Bab 60 • It's My Heart

2.6K 206 0
                                    

Seharian penuh, Elektra menangis dikamar Sally, dengan Sally dan March yang mendampingi gadis itu.

March mendesah, "Aku tidak mengerti dengan Dylan."

Elektra menutup wajahnya, kembali menangis, entah untuk yang keberapa kalinya. "I-ini semua salahku," isaknya. "Aku bodoh sekali. YaTuhan."

Sally menggeleng frustasi. Ia melirik March, memberi kode untuk mengikutinya. March mengangguk, mengikuti Sally yang berjalan ke arah kamar mandi.

Setelah dikiranya Elektra tidak dapat mendengar pembicaraan mereka, Sally berucap, "Kita harus membuat mereka bertemu. Maksudku, bertemu, benar-benar berbicara dari hati ke hati—kau tau, sesuatu seperti itu."

March mengangguk setuju, "Kau benar. Punya id—oh, aku tau!"

March tersenyum lebar, segera membisikkan rencana yang terlintas dalam otaknya.

✖️

Elektra memasuki ruang musik keesokan harinya dengan mata sembab. Diliriknya jam yang terpasang di dinding, pukul delapan lewat sepuluh menit.

Sally berkata akan menemuinya sekitar pukul delapan. Katanya, ingin mengatakan sesuatu. Dan entah kenapa, gadis itu memintanya menemuinya di ruang musik. Padahal, biasanya, mereka memilih bertemu di kafetaria, atau perpustakaan.

Elektra duduk di tengah-tengah ruangan, tempat dimana sebuah grand piano berada. Ditekannya tuts tuts tersebut dengan asal. Pikirannya jatuh pada kenangan ketika Dylan memainkan piano. Saat—

Pintu terbuka, menampilkan sosok Dylan. Luka dan lebam di wajahnya masih terlihat dengan jelas. Segera, Elektra bangkit dari duduknya.

"Dyla—"

Tapi, begitu tatapan keduanya bertemu, Dylan berbalik, bersiap untuk keluar dari ruangan tersebut. Sayangnya, pintu tersebut terkunci. March dan Sally mengunci ruangan tersebut dari luar.

Dylan mendesah. Seharusnya ia tahu, ini rencana March.

Ia berbalik, menatap sekilas Elektra, sebelum akhirnya memilih untuk duduk dipojok ruangan, berjauhan dengan Elektra.

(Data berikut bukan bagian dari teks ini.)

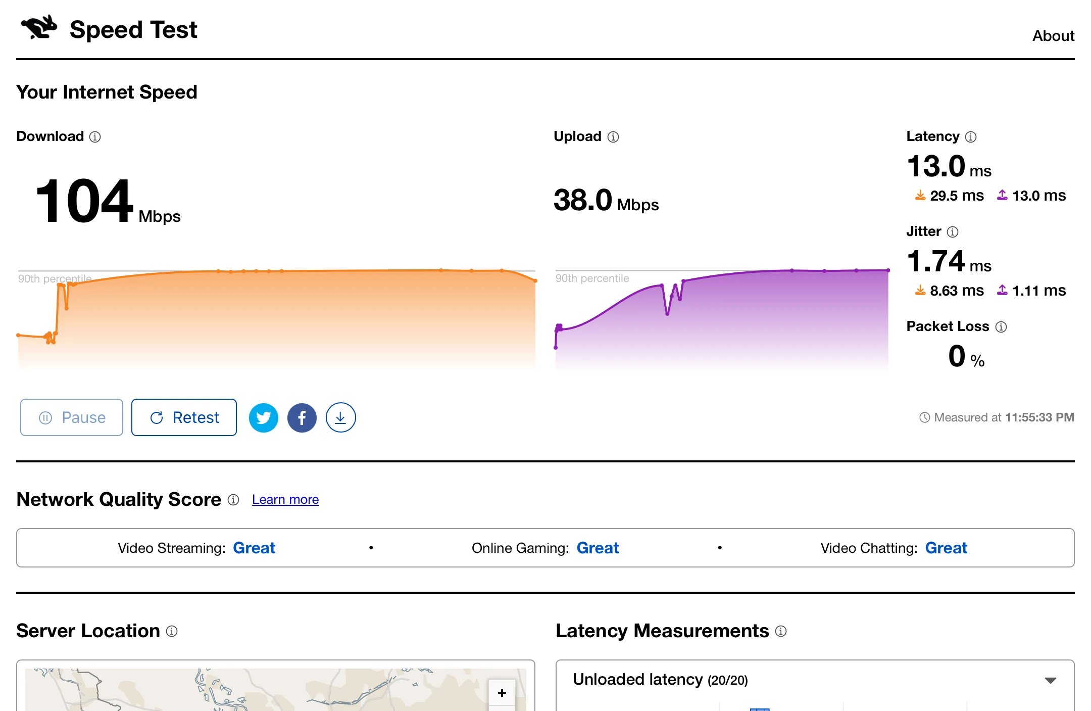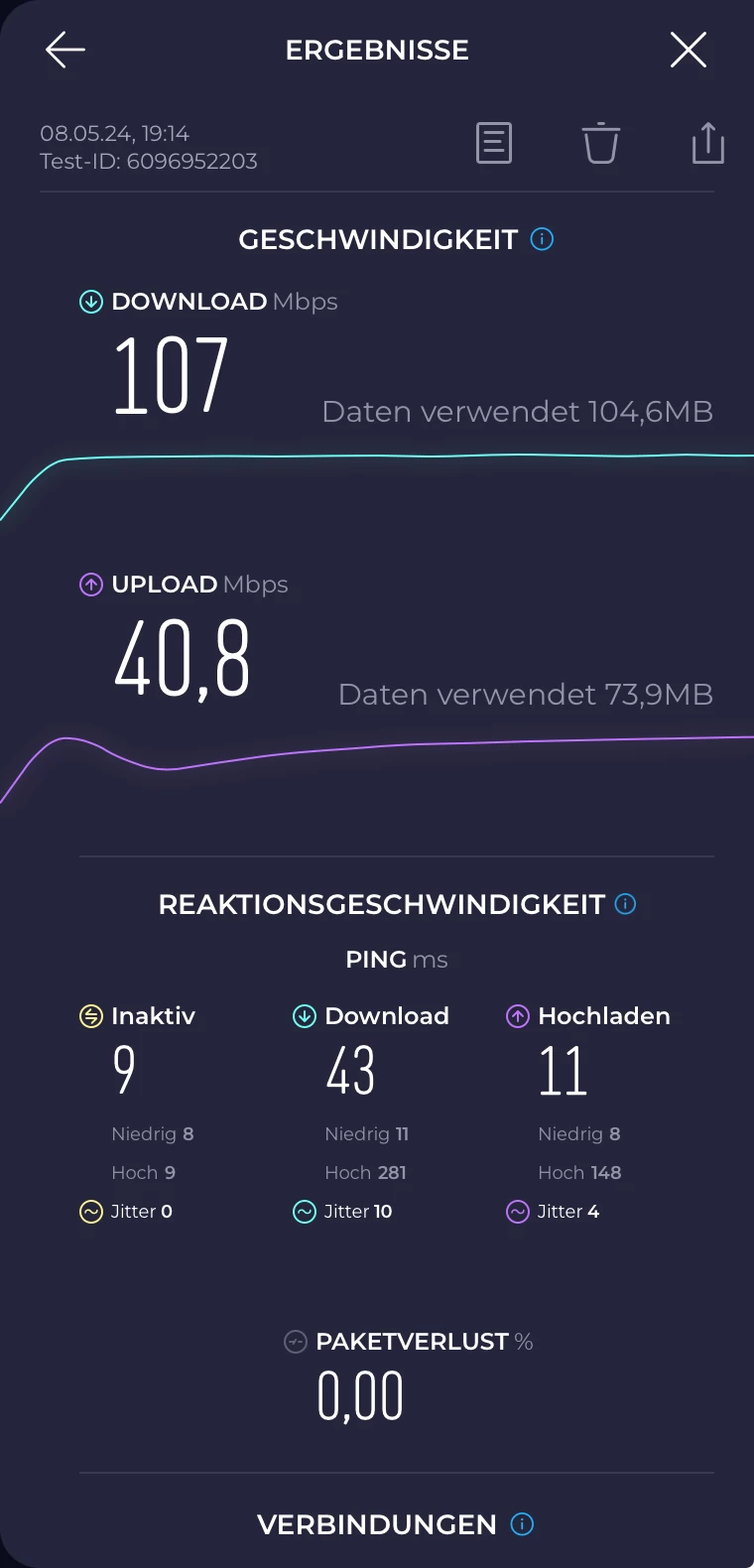 Danke für deine ausführliche Antwort. Den Losstest habe ich auch über diese Seite laufen lassen, allerdings mit völlig anderen Einstellungen und dem Server in den Staaten. 🙈
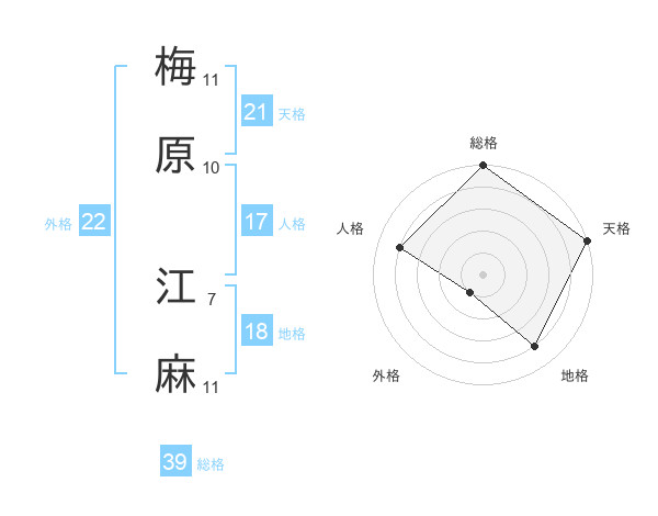 梅原 江麻さんの総格は39画の5点!

Elektra menghembuskan napas pelan. "Maaf," lirih Elektra.

Dylan bergeming, walaupun dapat mendengar kata tersebut.

Elektra berucap lagi, "Ponselku hilang. Aku jadi tidak bisa menguhubungimu, atau Sally, atau March, atau bahkan Grandpa dan Grandma. Aku lupa password skype dan kik milikku.

Aku minta maaf, Dylan. Dad menyuruhku untuk tinggal disana. Aku tidak bisa menolak. Ini awal yang baru untukku, kau tau, setelah sekian lama. Tapi," Elektra menatap lekat Dylan yang tengah menunduk di pojok sana. "Aku juga tidak bisa pergi begitu saja. Aku meninggalkan sesuatu yang berharga disini."

Akhirnya, Dylan mendongak, dan tatapan keduanya bertemu. Suara serak Dylan mengucapkan, "Apa? Kau meninggalkan apa disini?"

Perlahan, Elektra bangkit dari duduknya, berjalan mendekati Dylan. Dylan bergeming, tidak mencoba untuk menghindari Elektra. Sampai Elektra sampai di hadapan Dylan, gadis itu meraup wajah Dylan.

Dylan mengadah, dan Elektra menunduk, menatap lekat iris biru yang dirindukannya. Perlahan, Elektra mendekatkan wajahnya kearah wajah Dylan.

Sampai bibirnya bertemu dengan bibir Dylan. Satu kecupkan mendarat di bibir Dylan. Hanya sebuah kecupan ringan, tanpa lumatan, tetapi berlangsung cukup lama. Untuk menebus rasa rindu yang keduanya rasakan.

Elektra melepaskan ciumannya, masih menatap iris biru Dylan dengan lekat. "Aku meninggalkan hatiku disini, bersamamu, Dylan."